[Stored entries]
+ + + +

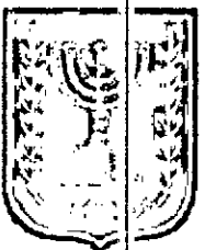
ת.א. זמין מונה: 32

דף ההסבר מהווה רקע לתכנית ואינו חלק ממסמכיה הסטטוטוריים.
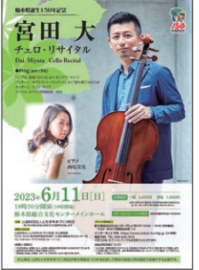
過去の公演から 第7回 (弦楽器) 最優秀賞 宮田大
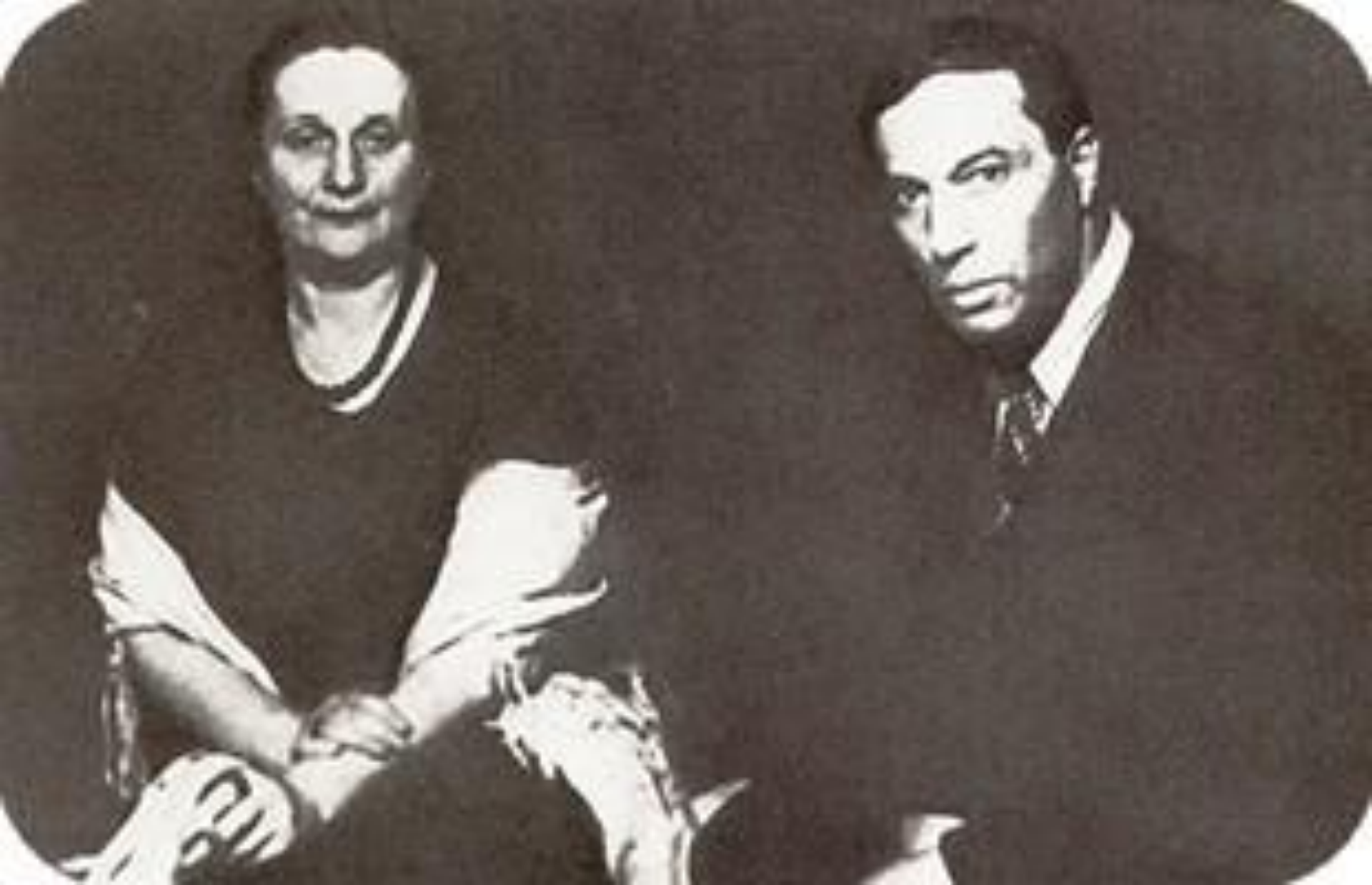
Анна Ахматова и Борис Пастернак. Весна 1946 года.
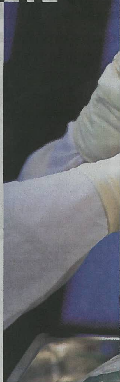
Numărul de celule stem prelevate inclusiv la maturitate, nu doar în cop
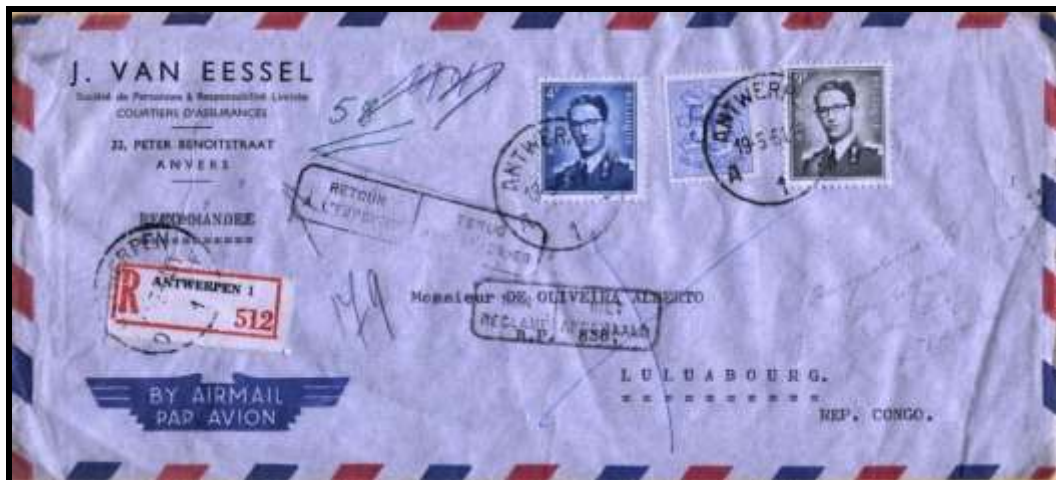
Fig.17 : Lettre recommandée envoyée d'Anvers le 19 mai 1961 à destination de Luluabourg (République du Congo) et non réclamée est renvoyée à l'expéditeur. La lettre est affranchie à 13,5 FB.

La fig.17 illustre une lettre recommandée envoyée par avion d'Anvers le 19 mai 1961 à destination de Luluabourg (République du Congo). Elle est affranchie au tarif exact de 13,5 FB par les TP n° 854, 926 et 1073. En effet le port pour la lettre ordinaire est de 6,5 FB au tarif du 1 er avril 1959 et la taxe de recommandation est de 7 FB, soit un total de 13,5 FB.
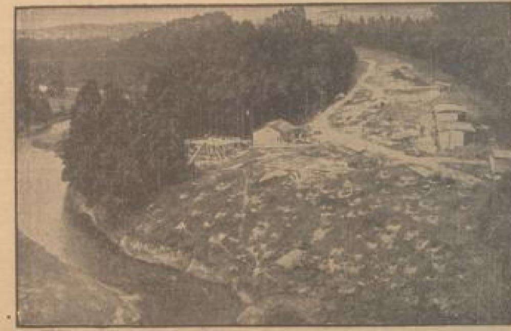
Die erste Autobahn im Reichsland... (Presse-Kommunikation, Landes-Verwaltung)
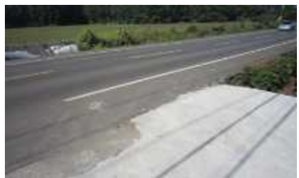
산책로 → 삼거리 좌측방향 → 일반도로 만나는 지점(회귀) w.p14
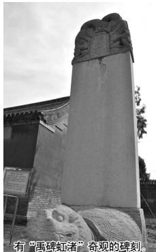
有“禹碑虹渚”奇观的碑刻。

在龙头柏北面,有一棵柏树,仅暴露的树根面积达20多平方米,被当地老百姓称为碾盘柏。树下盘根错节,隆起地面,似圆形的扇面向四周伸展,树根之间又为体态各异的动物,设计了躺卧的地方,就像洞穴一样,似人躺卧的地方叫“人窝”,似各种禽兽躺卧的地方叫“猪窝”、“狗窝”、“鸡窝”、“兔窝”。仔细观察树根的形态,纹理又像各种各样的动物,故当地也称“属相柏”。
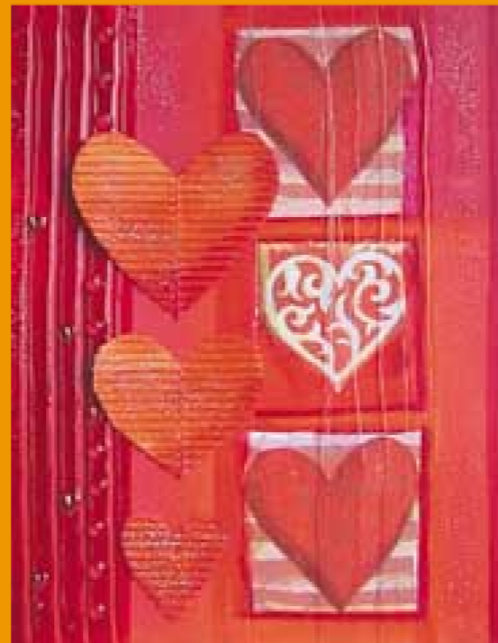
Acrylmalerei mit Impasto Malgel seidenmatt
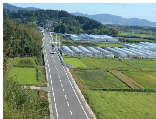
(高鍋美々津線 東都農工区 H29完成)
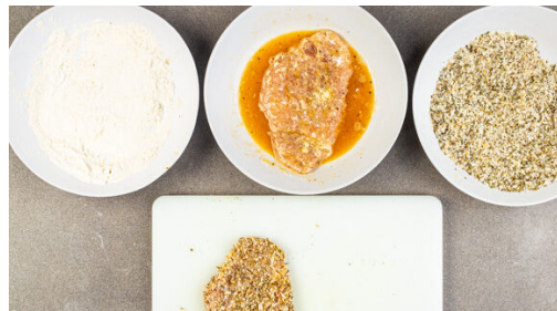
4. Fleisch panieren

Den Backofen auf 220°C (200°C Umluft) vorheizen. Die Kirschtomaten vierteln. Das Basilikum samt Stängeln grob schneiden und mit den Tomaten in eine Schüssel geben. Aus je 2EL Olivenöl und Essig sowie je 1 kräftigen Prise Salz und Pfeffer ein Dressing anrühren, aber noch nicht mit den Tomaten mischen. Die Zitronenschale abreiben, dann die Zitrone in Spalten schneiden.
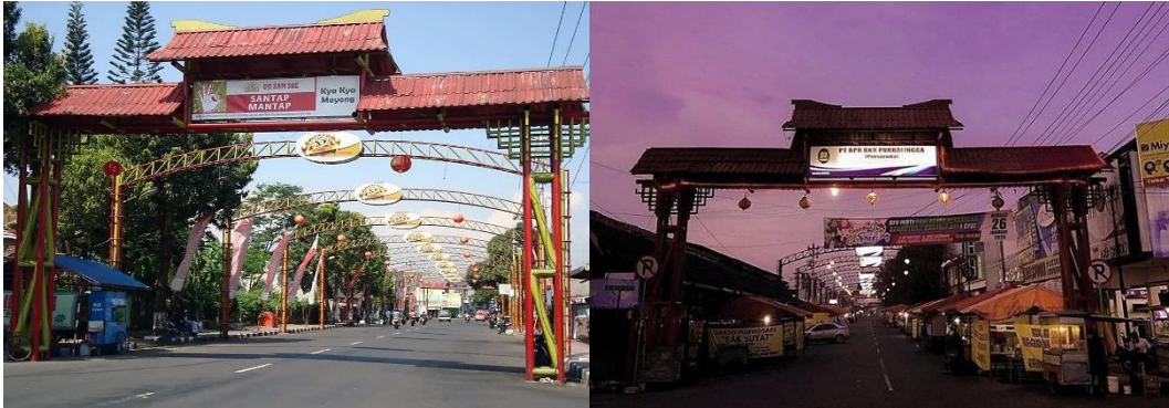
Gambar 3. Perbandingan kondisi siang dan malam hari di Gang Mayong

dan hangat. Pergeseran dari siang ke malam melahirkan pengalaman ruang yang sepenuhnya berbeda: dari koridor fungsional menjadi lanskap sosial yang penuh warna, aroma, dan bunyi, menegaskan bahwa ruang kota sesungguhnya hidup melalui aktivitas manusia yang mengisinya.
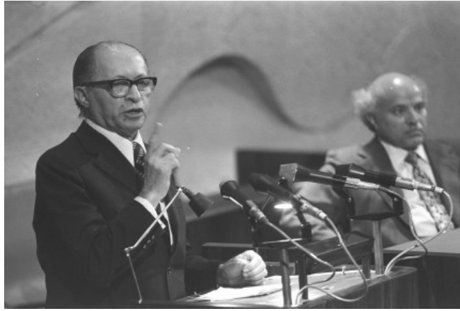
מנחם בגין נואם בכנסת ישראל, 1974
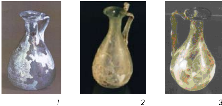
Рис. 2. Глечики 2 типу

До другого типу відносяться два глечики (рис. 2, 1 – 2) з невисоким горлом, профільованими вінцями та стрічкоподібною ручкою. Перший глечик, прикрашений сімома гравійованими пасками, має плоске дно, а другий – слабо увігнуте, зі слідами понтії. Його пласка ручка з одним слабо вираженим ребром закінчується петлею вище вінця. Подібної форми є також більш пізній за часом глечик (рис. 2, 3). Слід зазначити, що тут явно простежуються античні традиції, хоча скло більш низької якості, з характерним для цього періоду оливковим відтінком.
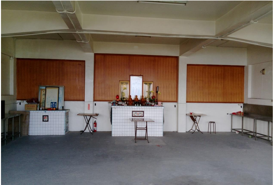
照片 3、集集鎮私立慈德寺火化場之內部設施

+ + + +

Set down again, exactly, every line above from the one with "Numărul de celule" down to the one with "מנחם בגין נואם בכנסת ישראל, 1974", both ends included. No pictures, and nothing else.

**ANSWER BOX:**
Numărul de celule stem prelevate inclusiv la maturitate, nu doar în cop
Fig.17 : Lettre recommandée envoyée d'Anvers le 19 mai 1961 à destination de Luluabourg (République du Congo) et non réclamée est renvoyée à l'expéditeur. La lettre est affranchie à 13,5 FB.

La fig.17 illustre une lettre recommandée envoyée par avion d'Anvers le 19 mai 1961 à destination de Luluabourg (République du Congo). Elle est affranchie au tarif exact de 13,5 FB par les TP n° 854, 926 et 1073. En effet le port pour la lettre ordinaire est de 6,5 FB au tarif du 1 er avril 1959 et la taxe de recommandation est de 7 FB, soit un total de 13,5 FB.
Die erste Autobahn im Reichsland... (Presse-Kommunikation, Landes-Verwaltung)
산책로 → 삼거리 좌측방향 → 일반도로 만나는 지점(회귀) w.p14
有“禹碑虹渚”奇观的碑刻。

在龙头柏北面,有一棵柏树,仅暴露的树根面积达20多平方米,被当地老百姓称为碾盘柏。树下盘根错节,隆起地面,似圆形的扇面向四周伸展,树根之间又为体态各异的动物,设计了躺卧的地方,就像洞穴一样,似人躺卧的地方叫“人窝”,似各种禽兽躺卧的地方叫“猪窝”、“狗窝”、“鸡窝”、“兔窝”。仔细观察树根的形态,纹理又像各种各样的动物,故当地也称“属相柏”。
Acrylmalerei mit Impasto Malgel seidenmatt
(高鍋美々津線 東都農工区 H29完成)
4. Fleisch panieren

Den Backofen auf 220°C (200°C Umluft) vorheizen. Die Kirschtomaten vierteln. Das Basilikum samt Stängeln grob schneiden und mit den Tomaten in eine Schüssel geben. Aus je 2EL Olivenöl und Essig sowie je 1 kräftigen Prise Salz und Pfeffer ein Dressing anrühren, aber noch nicht mit den Tomaten mischen. Die Zitronenschale abreiben, dann die Zitrone in Spalten schneiden.
Gambar 3. Perbandingan kondisi siang dan malam hari di Gang Mayong

dan hangat. Pergeseran dari siang ke malam melahirkan pengalaman ruang yang sepenuhnya berbeda: dari koridor fungsional menjadi lanskap sosial yang penuh warna, aroma, dan bunyi, menegaskan bahwa ruang kota sesungguhnya hidup melalui aktivitas manusia yang mengisinya.
מנחם בגין נואם בכנסת ישראל, 1974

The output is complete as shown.